Categorical Predictors (with more than two levels)
Another multiple regression example (illustrating another thing multiple regression can do for us)
We are collecting up some examples of the types of things that can happen in multiple regression models so that we are better prepeared to build and interpret them.
Comparative primate milk composition data, from Table 2 of Hinde and Milligan. 2011. Evolutionary Anthropology 20:9-23.
library(rethinking)
data(milk)
glimpse(milk)
## Rows: 29
## Columns: 8
## $ clade <fct> Strepsirrhine, Strepsirrhine, Strepsirrhine, Strepsirrh…
## $ species <fct> Eulemur fulvus, E macaco, E mongoz, E rubriventer, Lemu…
## $ kcal.per.g <dbl> 0.49, 0.51, 0.46, 0.48, 0.60, 0.47, 0.56, 0.89, 0.91, 0…
## $ perc.fat <dbl> 16.60, 19.27, 14.11, 14.91, 27.28, 21.22, 29.66, 53.41,…
## $ perc.protein <dbl> 15.42, 16.91, 16.85, 13.18, 19.50, 23.58, 23.46, 15.80,…
## $ perc.lactose <dbl> 67.98, 63.82, 69.04, 71.91, 53.22, 55.20, 46.88, 30.79,…

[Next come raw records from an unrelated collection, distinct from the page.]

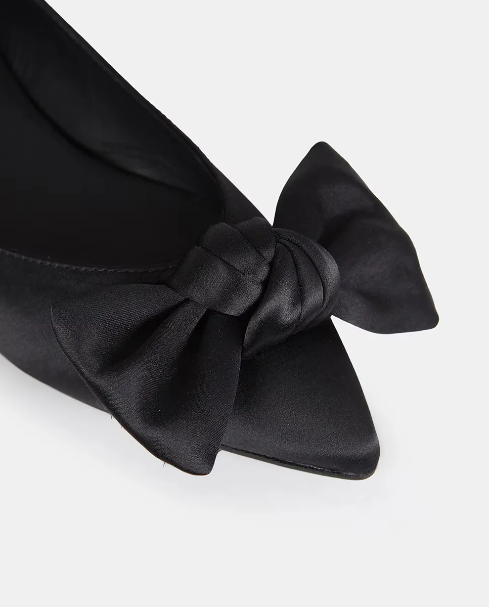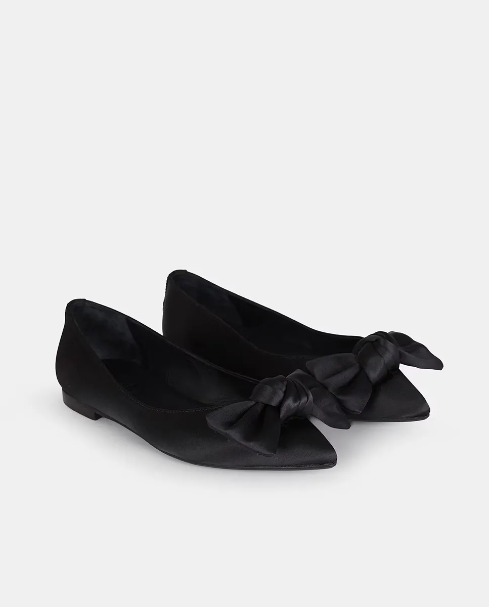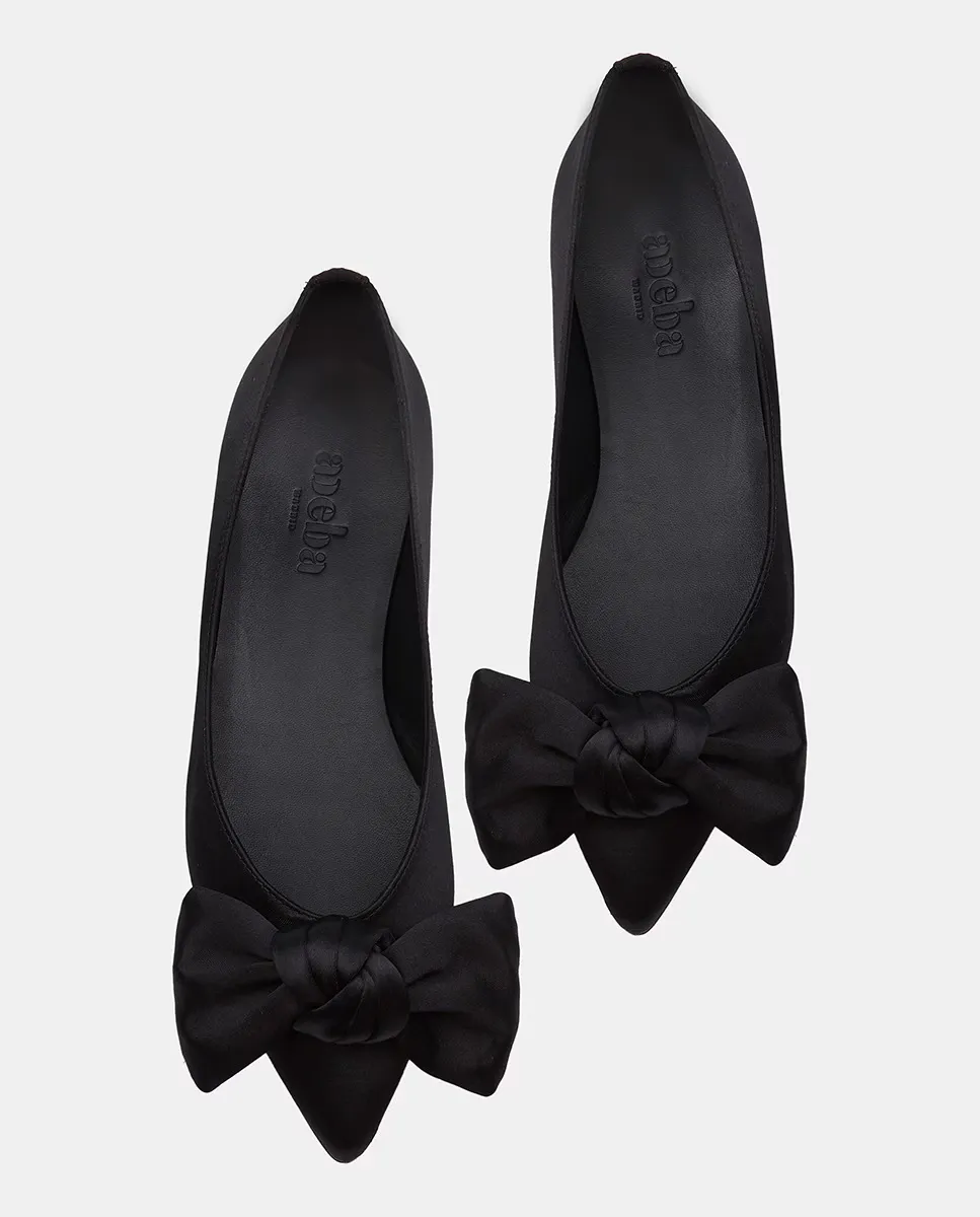 Чёрные сатиновые балетки с ручным бантом. Подкладка и стелька из козьей кожи. Высота каблука 1 см.
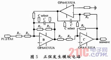 图中电路实质是双二次带通滤波器,它的特点是调整过程十分简单,增益由改变R1调整,Q由改变R2调节,而改变R3则影响输出频率。单片机输出方波信号从图5中R1输入后,经双二次带通滤波器滤波后输出正弦信号。系统通过单片机控制的双刀双掷模拟开关CD4052选择不同的电容C来实现测量频率的自动切换。此外,为了减小温度影响,电路中R1,R2,R3采用由正负温度系数电阻按一定比例串联的温度补偿设计。
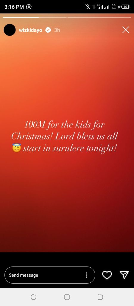 BREAKING: Wizkid Announces N100m As Christmas Gift To Children
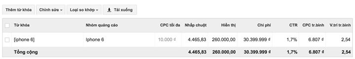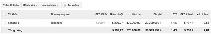 – Click thu về chuyển đổi thành càng nhiều đơn hàng càng tốt. Vấn đề này thực sự đâu đầu. Thông thường các bạn có xu hướng lựa chọn các từ khoá mà các bạn nghĩ ra trong đầu (bán iphone thì từ khoá muốn quảng cáo là iphone 6, bán ô tô thì từ khoá muốn quảng cáo là ô tô Toyota …). Như vậy không tốt, các từ khoá bạn nghĩ ra thường là từ khoá chung chung ai cũng nghĩ ra nên nó đắt, người tìm chung chung lại chưa mua hàng mà họ còn mất nhiều thời gian nghiên cứu. Những người tìm từ khoá “iphone 6 16gb trắng” sẽ tiềm năng hơn nhiều.
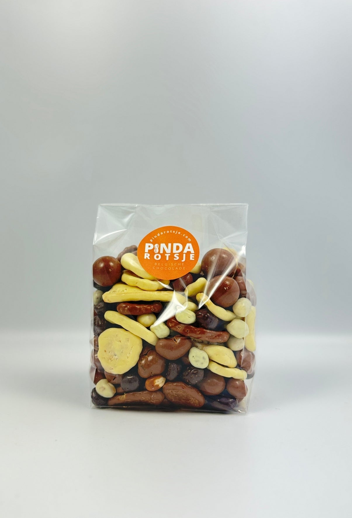 Onze Mix Grof bestaat uit banaan, hazelnoten, rozijnen en pinda's, grover voor een stoerdere bite. Dit zakje van 400 gram is ideaal als tussendoortje voor wie houdt van krachtige smaken en stevige structuren.
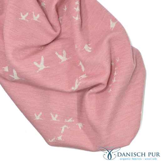 Coupon Paket 70 cm Bio Wolljersey Jacquard Kraniche auf Rosa, 30 cm Bio Wolle-Hanf rosa melierter Kuschel-Fischgrat, 50 cm Bio Wollbündchen rosa meliert Rippe im Schlauch
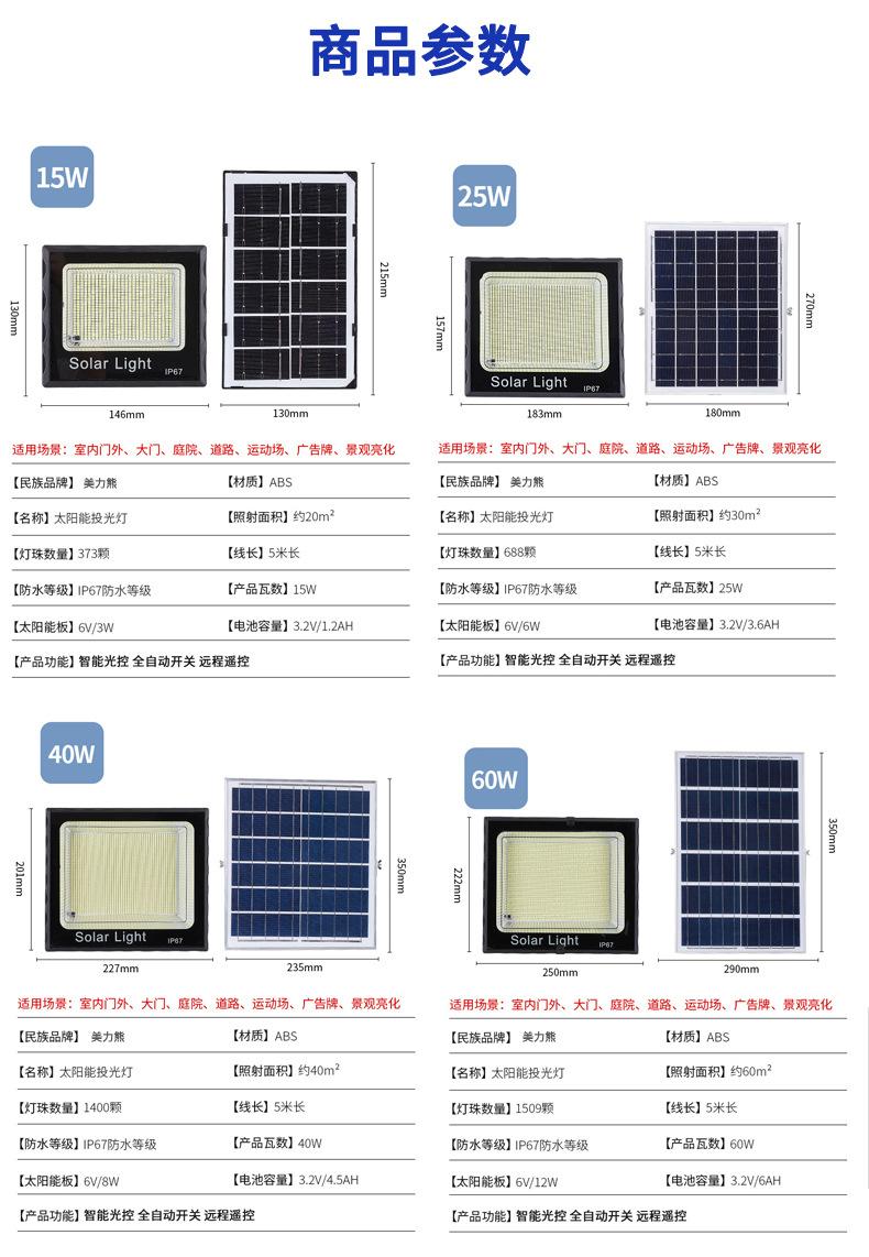 15W (373 lamp beads), 25W (688 lamp beads), 40W (1400 lamp beads), 60W (1509 lamp beads), 100W (2350 lamp beads)
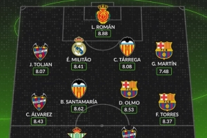 体育资讯9月22日讯 西甲第五轮战罢,数据网站Whoscored也评选出本轮西甲最佳阵,费兰等巴萨3人在列,米利唐如选。以下为具体阵容:

## $ mass <dbl> 1.95, 2.09, 2.51, 1.62, 2.19, 5.25, 5.37, 2.51, 0.71, 0…
## $ neocortex.perc <dbl> 55.16, NA, NA, NA, NA, 64.54, 64.54, 67.64, NA, 68.85, …
clade
: Broad taxonomic group
species
: Species name
kcal.per.g
: Kilocalories per gram of milk
perc.fat
: Percent fat
perc.protein
: Percent protein
perc.lactose
: Percent lactose
mass
: Body mass of mother, in kilograms
neocortex.perc
: Percent of brain mass that is neocortex
indicator variables
index variables
Let \(x_i\) be one of \(1, 2, 3, \dots, k\) indicating which of \(k\) categories, and consider a model with
\[ \mu_i = \mbox{other stuff} + \beta_1 x_i \] This is almost never the model we want. Do you see why?
1. That variable \(x_i\) can be used as an index variable:
\[ \mu_i = \mbox{other stuff} + \beta_{x_i} \] where “other stuff” might be an intercept term or some parts of the model that depend on other predictors.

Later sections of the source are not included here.